Higher BDI-II score was associated with poorer DKEFS verbal fluency category switching in univariable analysis (β = −0.413, P = .031), but not multivariable analysis (P = .198), which controlled for time point, highest education level, baseline KPS, chemotherapy treatment, and history or ongoing seizures. For HVLT total recall, BDI-II trended toward significance in univariable (β = −0.339, P = .053) but not multivariable (P = .126) models, which controlled for highest education level and antiepileptic drug treatment.

Discussion

In this study, we explore how longitudinal changes in depression and anxiety symptoms can independently affect neurocognitive functioning in a cohort of primary brain tumor patients receiving RT. To our knowledge, this relationship has not been investigated among primary brain tumor patients.

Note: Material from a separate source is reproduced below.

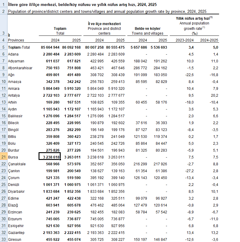 Buna göre Bursa’nın nüfusu 2025 yılı itibarıyla 3 milyon 263 bin 11 oldu.

We found that an increase in anxiety symptoms is an independent predictor of neurocognitive functioning, specifically within the domain of attention and processing speed. Thus, to optimize neurocognition within primary brain tumor patients, standard of care should include screening for and treatment of subclinical symptoms of depression and anxiety to improve outcomes. As brain tumor clinical trials are increasingly using neurocognitive functioning as a primary endpoint2629 commensurate with survival and quality of life, we recommend that symptoms of depression and anxiety should be quantified and controlled.

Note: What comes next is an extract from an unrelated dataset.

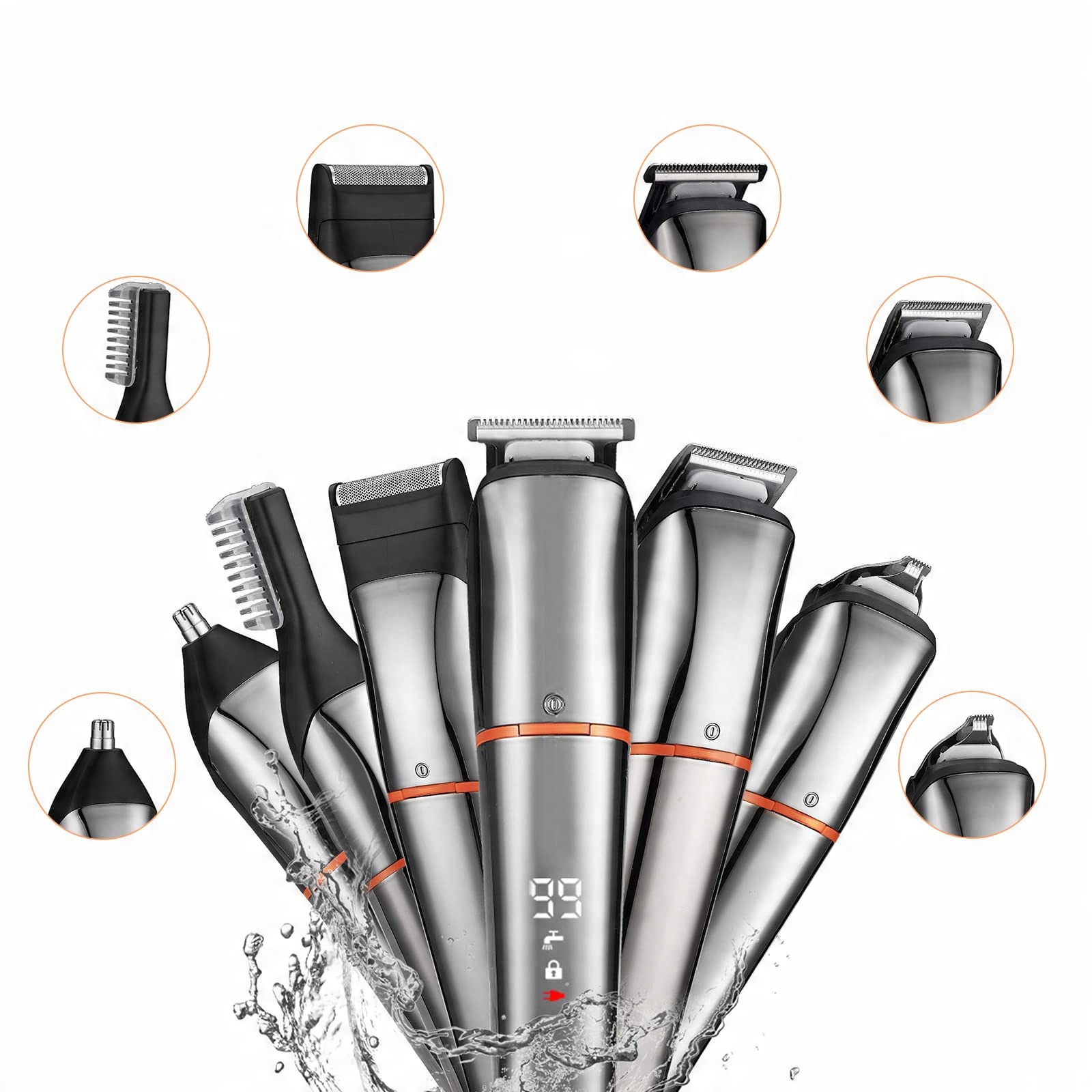 Машинка для стрижки волосся, тример для бороди, електричний бездротовий тример для волосся в носі 6 в 1, чоловічий тример для бороди для обличчя та тіла, водонепроникний світлодіодний дисплей, перезаряджуваний USB, IPX7

Brain tumor patients are known to be at risk of experiencing symptoms of anxiety and depression. Although our cohort had a greater median BDI-II score than BAI score at baseline, moderate-severe anxiety was more common than moderate-severe depression. We found a nonsignificant trend of depression symptoms over time, similar to previous descriptive studies of brain cancer6,43,44 and breast cancer.45 BAI scores significantly decreased over time within our cohort, also consistent with prior descriptive studies.44 Most patients in this cohort completed their baseline assessment in the postsurgical period, a time often wrought with emotional distress. Anxiety about poor prognosis and an unpredictable future contribute to pretreatment worry, which has been shown to alter brain function and contribute to neurocognitive dysfunction independent of the actual upcoming treatments.46 Ultimately these data support a high prevalence of subclinical depression and anxiety within primary brain tumor patients, and we argue for the early screening of depression and anxiety symptoms within this population.

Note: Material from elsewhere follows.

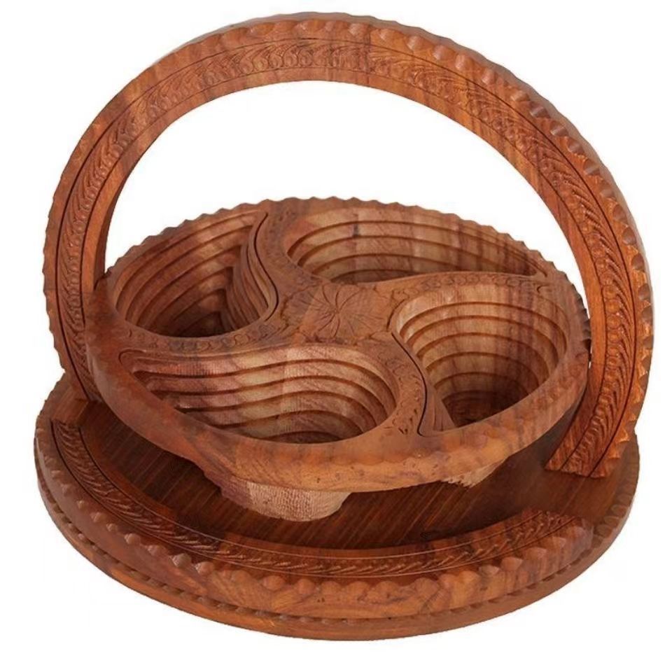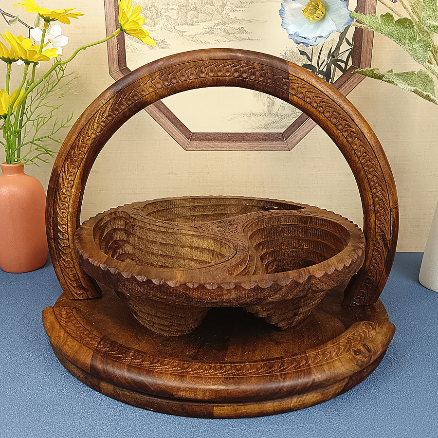파키스탄 말린 과일 바구니 과일 접시 수제 나무 과일 바구니 단단한 호두 나무 조각 단일 그리드 멀티 그리드 견과류 접시

We identified subsets of patients who may be at greater risk of experiencing symptoms of depression and anxiety. Consistent with previous studies,2,47 our results support that women and patients with lower education levels have higher baseline anxiety symptoms. Our data also shows an association between proton RT and lower baseline BAI levels; this is likely due to a higher proportion of benign and low-grade tumors treated by protons versus photons. Unsurprisingly, prior history of clinical depression and anxiety are consistently associated with elevated symptoms of these conditions.1,2 We also found that experiencing ongoing seizures is a predictor of increased BDI scores, which is not explained by antiepileptic drug use in this study or previous studies.24 Thus, seizures may present a unique neurologic risk for depressive symptoms independent of antiepileptic drug use or tumor diagnosis. We recommend universal screening of brain tumor patients for symptoms of depression and anxiety, but recognize that certain patient subsets have higher risk and may require closer follow-up.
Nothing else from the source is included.